After each round in the training set, the learned skills are checked on the test set. Imagine your test again. This time you write the test, get the grade, but they don’t tell you what you did wrong. So Transkribus goes through the same pages many times, but can never see the right solution. The model has to fall back on the previously learned training and you can see how well it has studied.

So if there were the same pages in the test set as in training, Transkribus could “cheat”. It would already know the pages, have practised on them a hundred times and seen the solution a hundred times. This is the reason why the CER (Character Error Rate) in the training set is almost always lower than in the test set. This is best seen in the “learning curve” of a model.

Posted by Elisabeth Heigl on

Collaboration – User Management

Release 1.7.1

The Transkribus platform is designed for collaboration. So many users can work on a collection and even a document at the same time. Collisions should be easily avoided with a little organizational skill.
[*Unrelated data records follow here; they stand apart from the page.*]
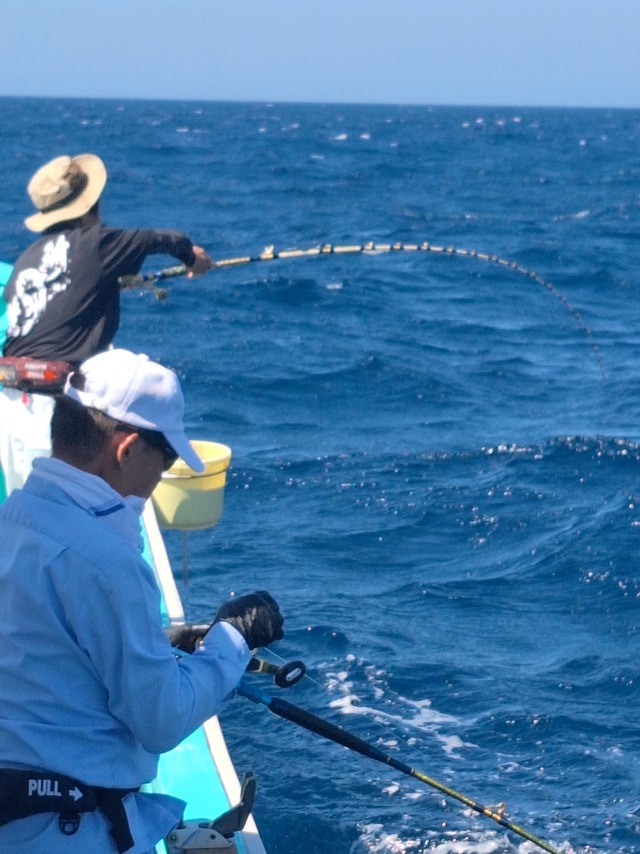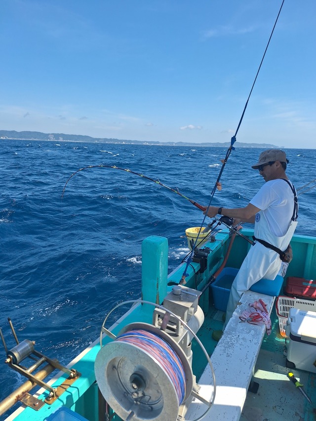 1.00~5.64kg 0~5匹 ショウサイフグ 25~40cm 0~10匹 ◆ショウサイフグ船 2隻の高低差 サイズ25~40cm0~10匹 その他マダコ、ムシガレイ 竿頭、榎本さん(女性)、 稲葉さん(小学6年生女性) ◆午前テンヤ船 1キロ代12枚、2キロ代7枚、4.13キロ、4.28キロ、5.64キロ サイズ1.0~5.64kg0~5枚 竿頭、中澤さん 外道ハナダイ、ホウボウ、トラフグ 今日のフグ船は潮の流れが早くアタリが少なく数が伸びませんでした。白子は5~9割交じりました。 午前マダイ船は朝は潮流れ良くマダイポツポツ当たりました。後半は当たり少なくなるも大鯛上がりました。バラシも有り。 ご乗船の皆さん、暑い中大変お疲れ様でした。ありがとうございました。またのお越しをお待ちしております。 明日はテンヤ真鯛午前船が出船します。フグ船はご予約が入り次第確定となります。宜しくお願い致します。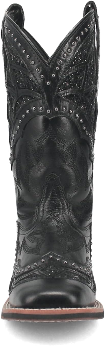 You'll want to spend Eternity in these sparkling cowgirl boots | Leather upper with sequin underlays | Approx. 11 inch shaft with a 10 inch circumference | Lightweight rubber outsole | Broad square toe | Stitching detail | Approx. 1 inch Stockman heel | Removable footbed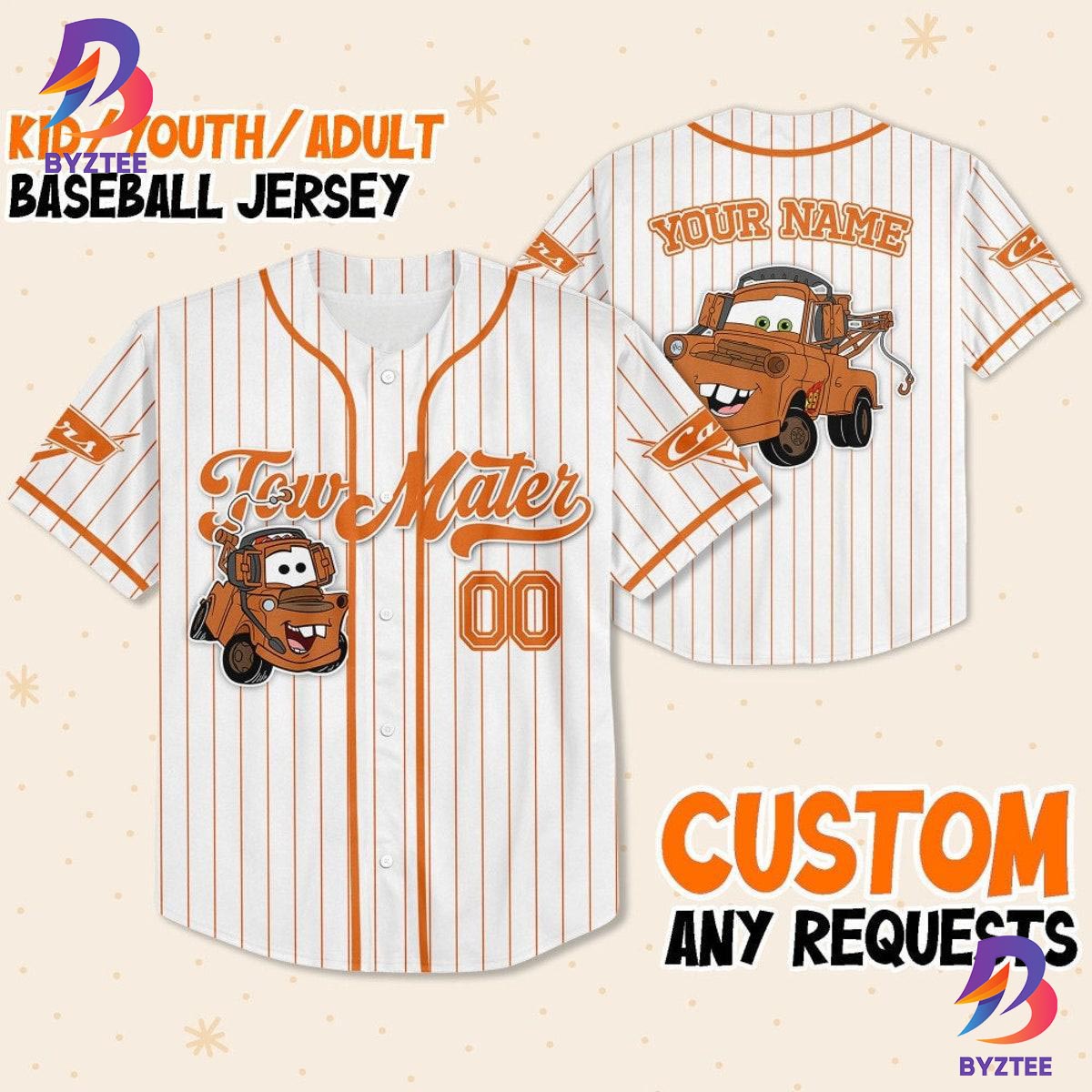 Details about this: Custom Disney Cars Lightning Tow Mater Baseball Jersey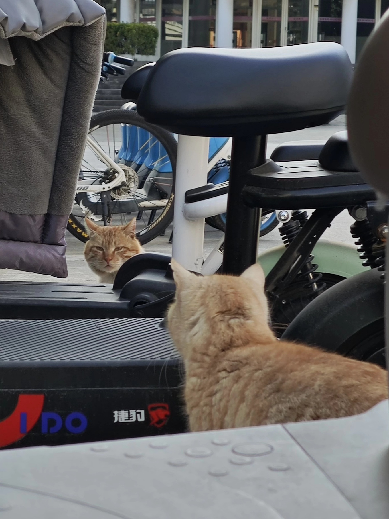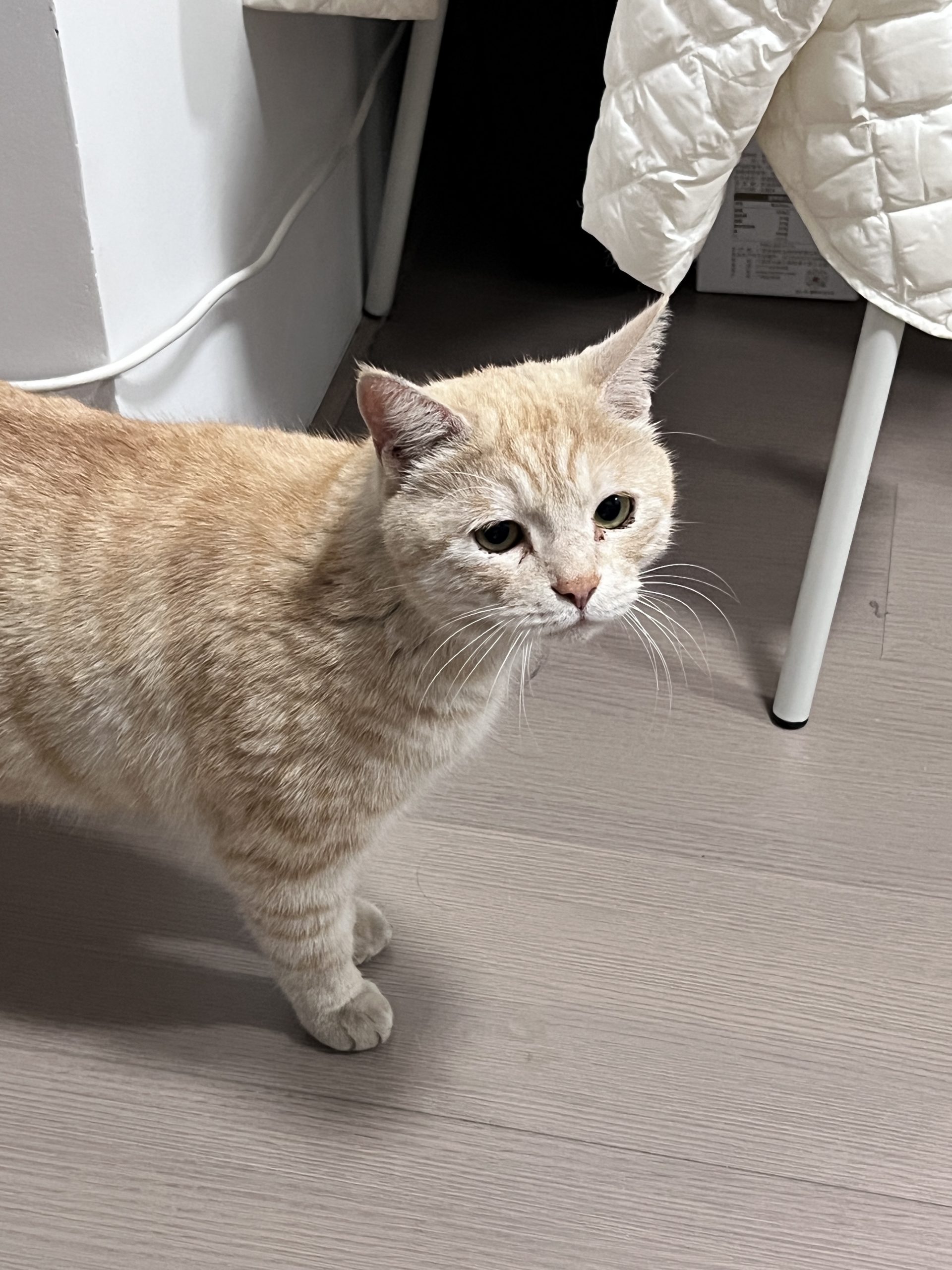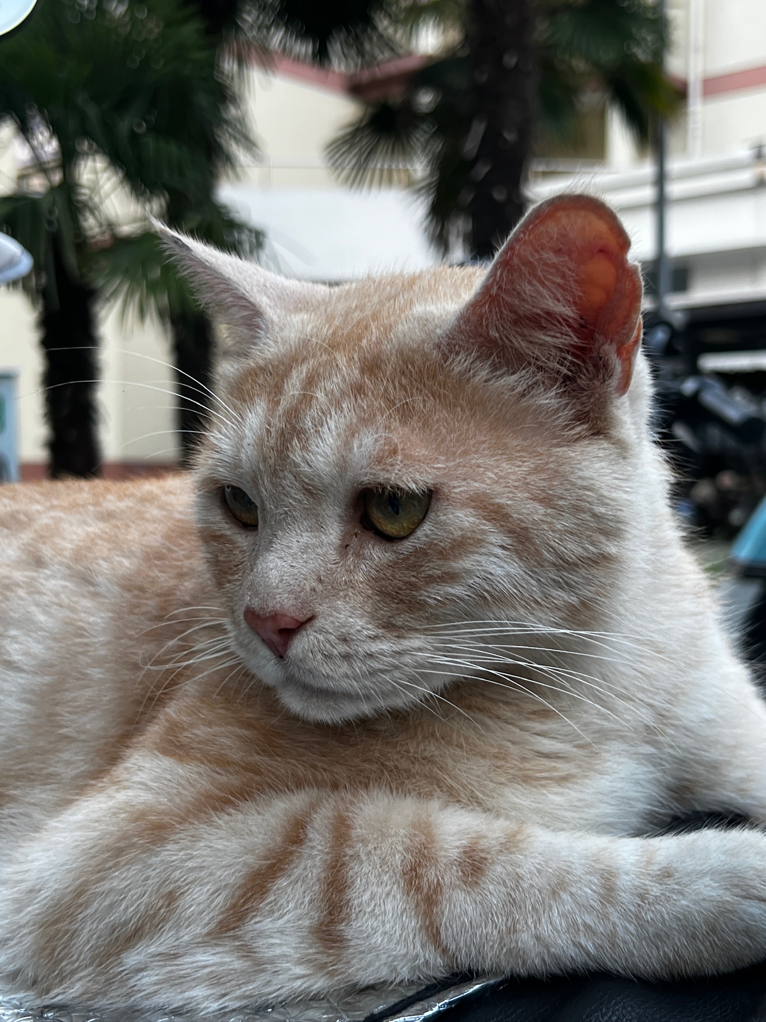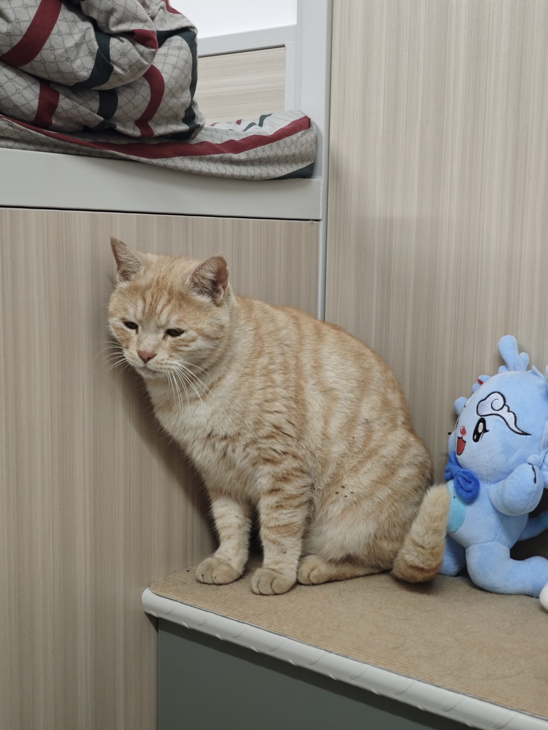 这是皮蛋,一只浅橘色、圆脸、嗓音沙哑的高冷猫猫。他常年混迹在19-21栋周边,喜欢趴台阶、霸占电动车,偶尔也会溜进宿舍蹭暖。

The two most important elements enabling organized collaboration are User Management and Version Management in Transkribus. User Management refers explicitly to the collections. The person who creates a collection is always its “owner”, meaning that he has full rights, including the right to delete the entire collection. He can grant other users access to the collection and assign them roles that correspond to different rights:

Owner – Editor – Transcriber

It is wise if more than one member of the team is the “owner” of a collection. All the rest of us are “editors”. Assigning the role “transcriber” is especially useful if you run crowd-projects where volunteers do nothing but transcribe or tag texts. For such “transcribers”, access via the WebUI, with its range of functions adapted to this role, is ideally suited.